Fast food habits lead to colorectal cases in Oman

Muscat – The number of colorectal cancer cases in the Sultanate is likely to cross 200 this year as against 100 last year. Experts in internal medicine attribute the alarming rise in number of colorectal cancer cases and other bowel-related problems to a deviation in the way food is consumed. “A change in the eating regime after a month-long moderation can turn the bowel system topsy-turvy. It will result in colorectal problems if moderation is not observed,” they warned.

Dr Rashid al Alawi, Consultant Colorectal Surgeon at the Royal Hospital, told Observer: “We are seeing a rise in number of colorectal cases in the country. It is likely to touch 200 this year.” He added: “Statistics has a limitation as many visit other hospitals or travel abroad for treatment.” He said the advanced diagnostic facilities the country has set up at various hospitals are reasons why we are able to identify more such cases.

A recent study conducted in the UK has revealed that dependence on fast food and junk food can add to the number of colorectal cancer cancers. Incidentally, experts say Oman has witnessed a fast food invasion in the last two decades. Dr Aamed al Araimi, Consultant at the Royal Hospital, said there is “good evidence of an increase in number of inflammatory and other colorectal diseases in the country due to the wrong choice of foods and eating patterns”.

“Colorectal diseases are on the rise due to a deviation from original diets. Every year, we have some 100 new colorectal cases,” Dr Al Araimi said. “We need to include lots of fibre, vegetables, fruits and low fat foods in our daily food regime. Following a healthy eating pattern will help minimise the risk of colon cancer,” he added.

He further said colon cancer is characterised by an uncontrolled cell growth in the large intestine. Most colon cancers find their origin in small, non-cancerous (benign) tumours called adenomatous polyps found in inner walls of the large intestine. They invade and damage healthy tissues near the tumour, causing complications. Regular screening is advised to identify these polyps before they turn into colon cancer.
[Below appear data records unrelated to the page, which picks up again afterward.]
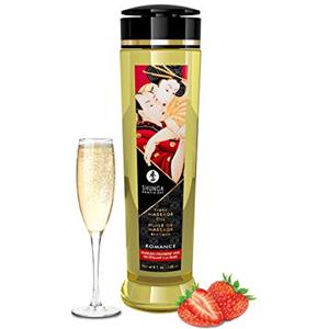 SHUNGA Olio da Massaggio Fragola & Champagne 240 ml - Sensuale e Naturale con Oli Essenziali
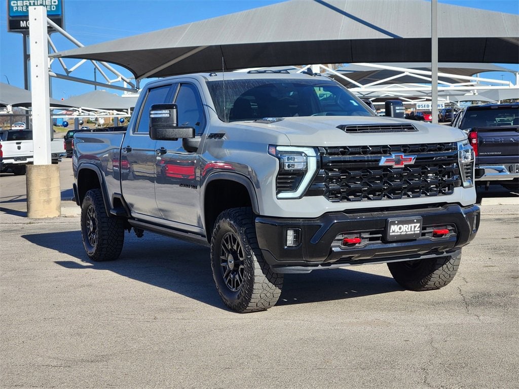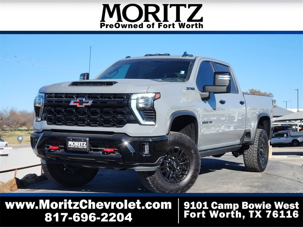 Certified. Slate Gray Metallic 2024 Chevrolet Silverado 2500HD ZR2 4WD 10-Speed Automatic Duramax 6.6L V8 Turbodiesel Bluetooth, Backup Camera, The Moritz Promise LIMITED LIFETIME POWERTRAIN PROTECTION PLAN See dealer for details, 10-Speed Automatic, 4WD, Jet Black/Graystone Leather, 10-Way Power Driver Seat Adjuster w/Lumbar, 10-Way Power Passenger Seat Adjuster w/Lumbar, 120-Volt Bed Mounted Power Outlet, 120-Volt Interior Power Outlet, 15 Diagonal Multicolor Head-Up Display, 170 Amp Alternator, Adaptive Cruise Control, All-Weather Floor Liners (LPO), Apple CarPlay/Android Auto, Auto-Dimming Inside Rear-View Mirror, Automatic temperature control, Bed View Camera w/2 Trailer Camera Provisions, Black Chevytec Spray-On Bedliner, Black Name Plates (LPO), Black Tailgate Lettering (LPO), Bluetooth® For Phone, BOSE Premium 7-Speaker Sound System, Brake assist, Chevrolet Connected Access Capable, Color-Keyed Carpeting Floor Covering, Compass, Dark Essentials Package (LPO), Deep-Tinted Glass, Durabed Pickup Bed, Electric Rear-Window Defogger, Electronic Cruise Control w/Set & Resume Speed, Electronic Stability Control, EZ Lift Power Lock & Release Tailgate, Front anti-roll bar, Front Bucket Seats, Front LED Fog Lamps, Front Rain-Sensing Wipers, Fully automatic headlights, Garage door transmitter, Heated 2nd Row Outboard Seats, Heated Driver & Front Outboard Passenger Seating, Heated Steering Wheel, High Gloss Black Mirror Caps, Hitch Guidance w/Hitch View, Illuminated entry, In-Vehicle Trailering App System, Keyless Open & Start, LED Cargo Area Lighting, LED Smoked Amber Roof Marker Lamps, Manual Tilt & Telescoping Steering Column, Multi-Flex Tailgate, OnStar & Chevrolet Connected Services Capable, Perforated Leather Seat Trim, Power Door Locks, Power Front Windows w/Driver Express Up/Down, Power Front Windows w/Passenger Express Up/Down, Power Rear Windows w/Express Down, Power Sliding Rear Window w/Defogger, Power Sunroof, Power-Retractable Black Assist Steps, Preferred Equipment Group 3LT, Push Button Start, Pwr Up/Down Tailgate Function w/Pwr Lock & Release, Rear Camera Mirror, Rear Cross Traffic Alert, Rear Park Assist, Rear Wheelhouse Liners, Remote Vehicle Starter System, Security system, SiriusXM w/360L, Speed-sensing steering, Standard Tailgate, Steering Wheel Audio Controls, Steering wheel mounted audio controls, Technology Package, Telescoping steering wheel, Traction control, Trailer Camera Provisions, Unauthorized Entry Theft-Deterrent System, Universal Home Remote, Up-Level Rear Seat w/Storage Package, Ventilated Driver & Front Passenger Seats, Wi-Fi Hotspot Capable, Wireless Charging, Wireless Phone Projection, Wrapped Steering Wheel, ZR2 Suspension Package.Odometer is 11414 miles below market average!Chevrolet Certified Pre-Owned Details:* 172 Point Inspection* Warranty Deductible: $0* Limited Warranty: 12 Month/12,000 Mile (whichever comes first) from certified purchase date* Powertrain Limited Warranty: 72 Month/100,000 Mile (whichever comes first) from original in-service date* Vehicle History* Roadside Assistance* Transferable Warranty* 24 months/24,000 miles (whichever comes first) Certified Pre-Owned Scheduled Maintenance Plan and 3 days/150 miles (whichever comes first) Vehicle Exchange Program. SiriusXM 3-month trial subscription.
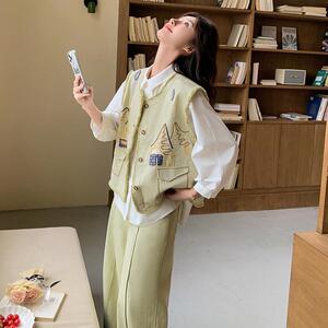 复古涂鸦刺绣牛仔马甲阔腿裤三件套女2025秋季新款超火穿搭一整套
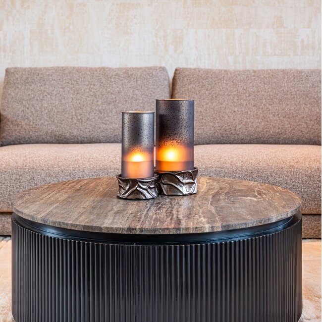 Combineer de Salontafel Russo bruin 90Ø met accessoires in warme tinten, zachte stoffen en luxe materialen zoals messing, fluweel of marmer. Voeg een bijzettafel of vloerkleed toe voor een compleet geheel.
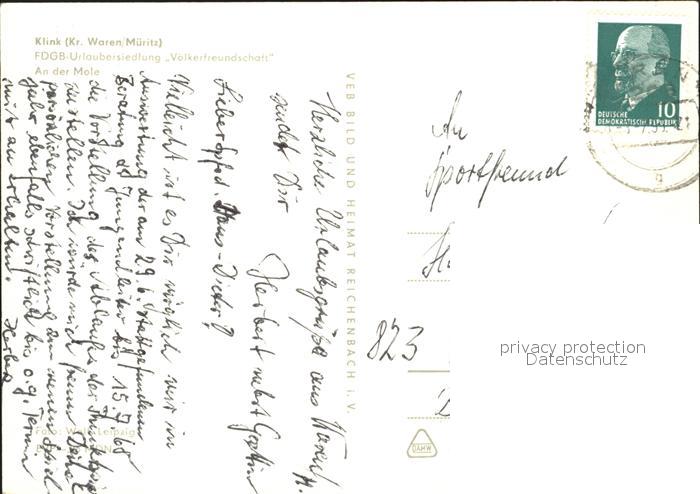 72115764 alte Postkarte Klink Waren FDGB- Urlaubersiedlung Voelkerfreundschaft An der Mole postalisch gelaufen Erhaltung siehe scans KatCode: 11110013056030
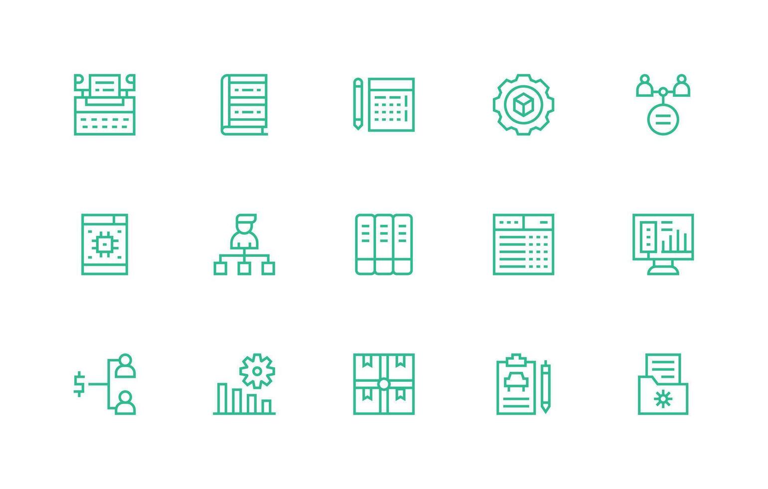 Management Icon Set with 15 Regular Line Graphics Design Ready Icon Set for Teams vector
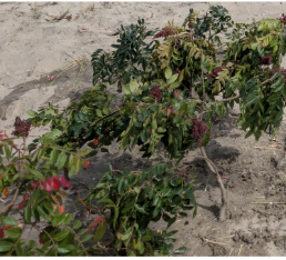 A native tree that has pinnately compound leaves that look like feathers. While they are usually green, leaves become bright red-purple in the fall. Also known for having bunches of small red fruits. |
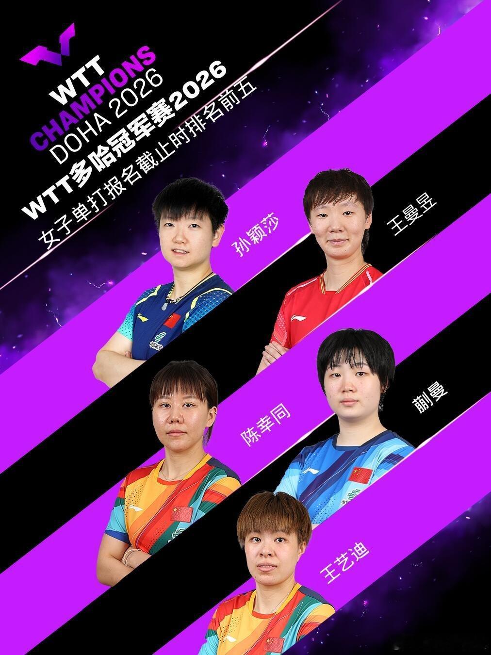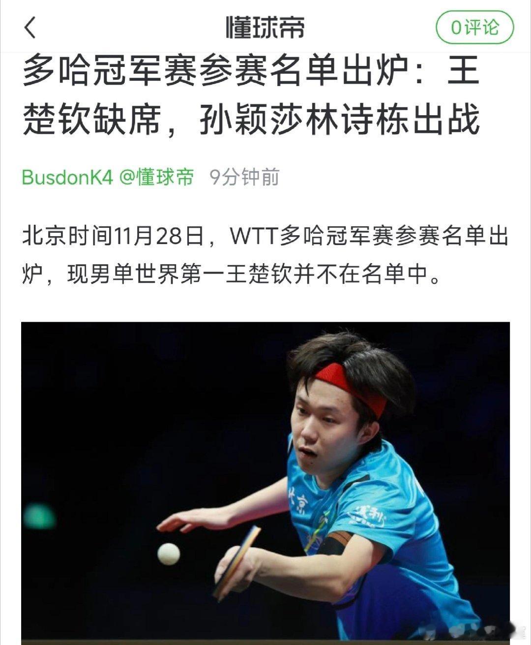 孙颖莎林诗栋领衔多哈冠军赛参赛名单北京时间11月28日,WTT多哈冠军赛参赛名单出炉,现男单世界第一王楚钦并不在名单中。WTT多哈冠军赛2026将于1月7日至11日在卢赛尔体育馆举办。男单这边,林诗栋、雨果、莫雷加德、张本智和等一众名将悉数在列;女单这边,孙颖莎、王曼昱、陈幸同、蒯曼和王艺迪全员参赛。王楚钦在前不久结束的第十五届全运会中收获了男团金牌和男单铜牌。全网热点共创计划

Dr Renchi Mathew, Senior Consultant Physician at ROP Hospital, says foods with preservatives and factory processed foods are villains that let colon cancers grow. “Having regular screening will help diagnose the disease at an early stage.” “Regular screening for colon cancer is the single best way to protect oneself from the disease, besides maintaining a proper diet. It can detect cancer early – when it is most treatable.” World over, colon doesn’t get the same attention as other forms of cancer. It is the third most common cancer in many developed nations.  In the US alone, 140,000 people are diagnosed with colon cancer every year. Over a million men and women live with a history of the disease.